I can still remember all the word of mouth going around after the 1999 sleeper hit landed — this all coming from school kids, mind you.

Was the footage real? Is this still going on? Are the woods safe?!?!

Blair Witch Project was so exciting because it did something different. With the exceptions of a few films like Cannibal Holocaust, found footage films weren’t around much and added an element of mystery to what would otherwise just be low-budget filmmaking.

That was 1999. Today, studios have mined the idea for all it’s worth, putting out handful of mostly terrible found footage endurance tests on the cheap to pad their income.

Thus, I really wish I could report that Blair Witch — Adam Wingard’s “true” follow-up to the original cult classic — is the movie that brings the genre to the next level.

I really wish I could say that it’s genuinely scary. That it doesn’t fall into the tedium of basically all the other films of its ilk. That it doesn’t feel like a waste.

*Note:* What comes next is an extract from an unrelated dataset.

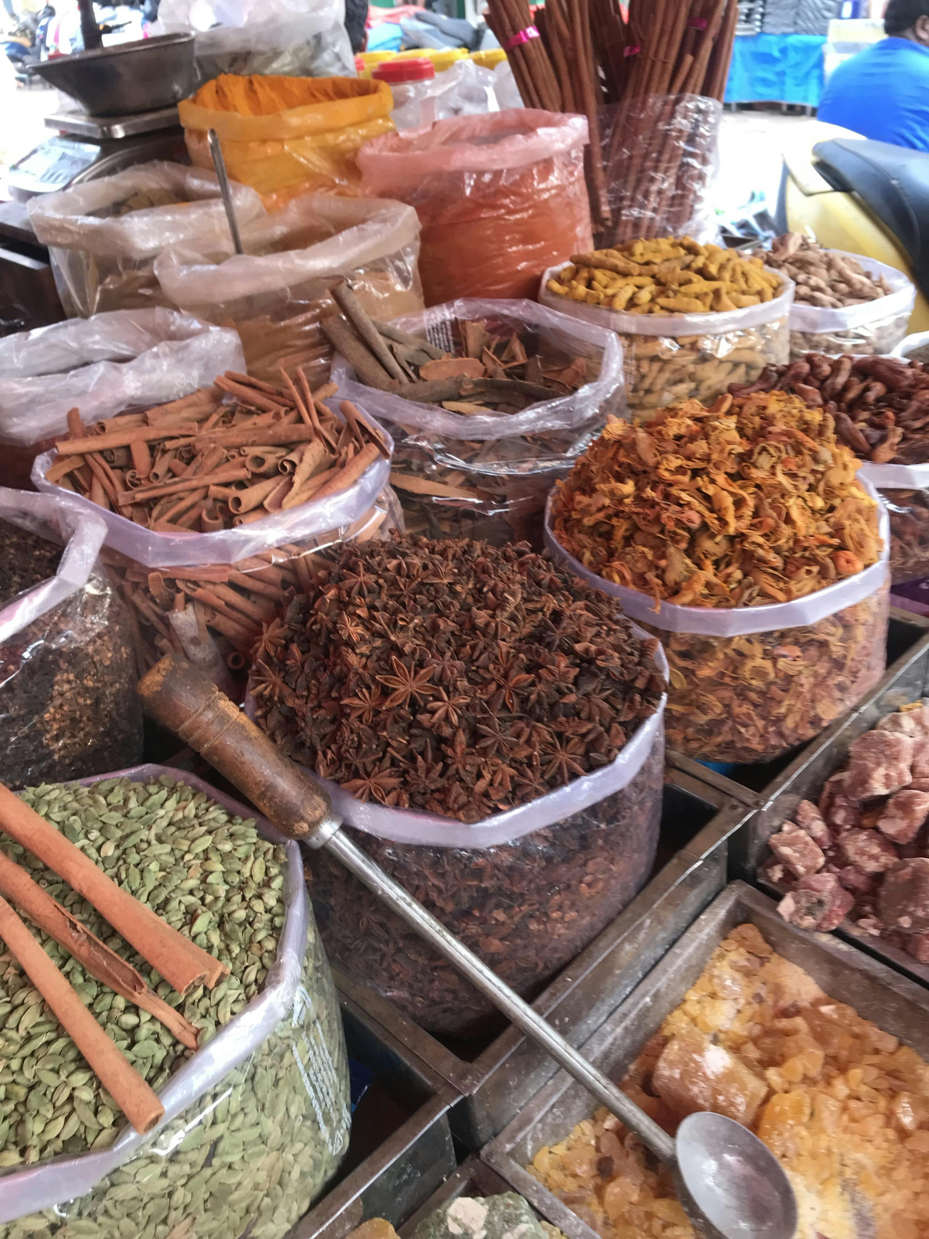 (写真は、明日行く予定の、ローカル市場のスパイスショップです。)

Again, that’s how I wish it was.

Wingard, director of the probably-not-as-good-as-you-were-thinking You’re Next and the genuinely fun The Guest, seems like a solid choice to try something fun and new for the Blair Witch story.

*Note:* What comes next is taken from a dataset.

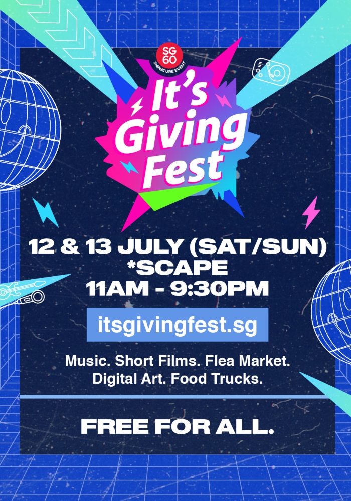 Another free SG60 event is It's Giving Fest, a music, arts and community festival taking place at *Scape on July 12 and 13.
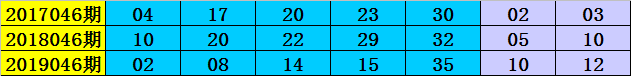 在2017046期-2019046期同周期奖号中,前区连码出现1期,同尾号出现3期,号码奇偶比5:10,大小比8:7,号码012路比2:3:10,前区开出14个号码。

To a point, the “updatequel” makes a few intriguing choices in how to bring this story into modern times.

One of our main characters here is directly tied to the original story and joins up with a team of friends as part of a film to go discover what happened 17 years ago.

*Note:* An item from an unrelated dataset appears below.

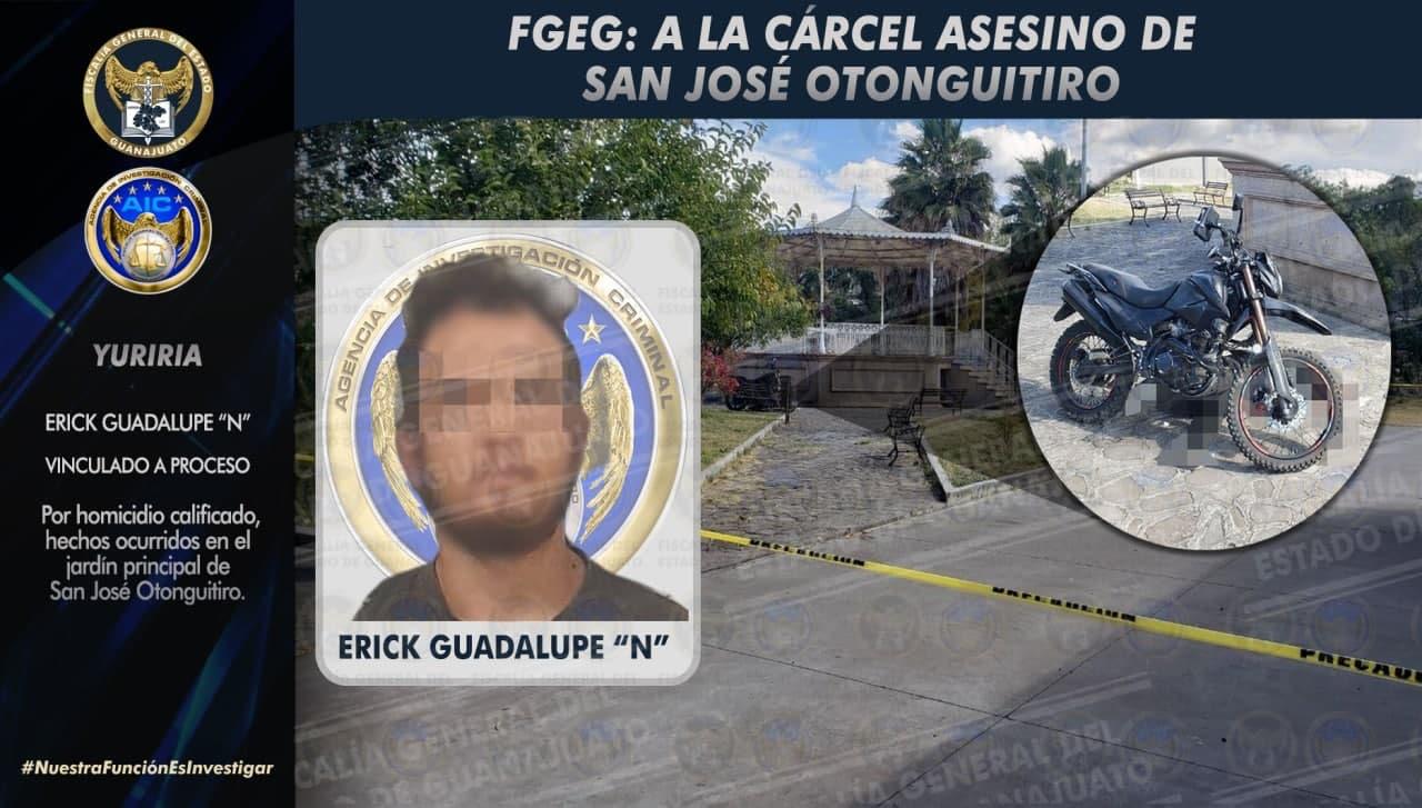Yuriria, Gto. 10 de febrero de 2022.- Un joven de 22 años fue muerto con disparos de arma de fuego que perforaron su cráneo, tórax y abdomen, en hechos ocurridos el 25 de enero de este año. El responsable, *ERICK GUADALUPE “N”*, y otro sujeto llegaron hasta el jardín principal de la comunidad San José Otonguitiro, ubicada a 31.3 kilómetros de Yuriria, en dirección Noroeste, y asesinaron a Jonathan David “N”, quien fue localizado encapuchado y en una motocicleta con reporte de robo.

The team utilizes some handy technology in their outing, with earpiece bluetooth cameras explaining why they don’t just drop the camera when things get hairy and an aerial drone giving us the occasional wide shot showing the sinister ocean of trees.

For a while, Blair Witch gives us the impression that could be one of the first effective films shot in the first-person — maybe even film’s answer to PT. The characters are decently established minus some forced comic relief, we have a good reason to revisit the story, and there’s a respectable amount of recap of the chilling folklore surrounding the Blair Witch (as well as some added wrinkles near the end).

That works for about half an hour. Then it all goes to hell.

Contrasting all the new technology incorporated, Blair Witch‘s scares are old and stale. It’s beyond disappointing to see the movie slide so quickly into cheap jump scares and false suspense.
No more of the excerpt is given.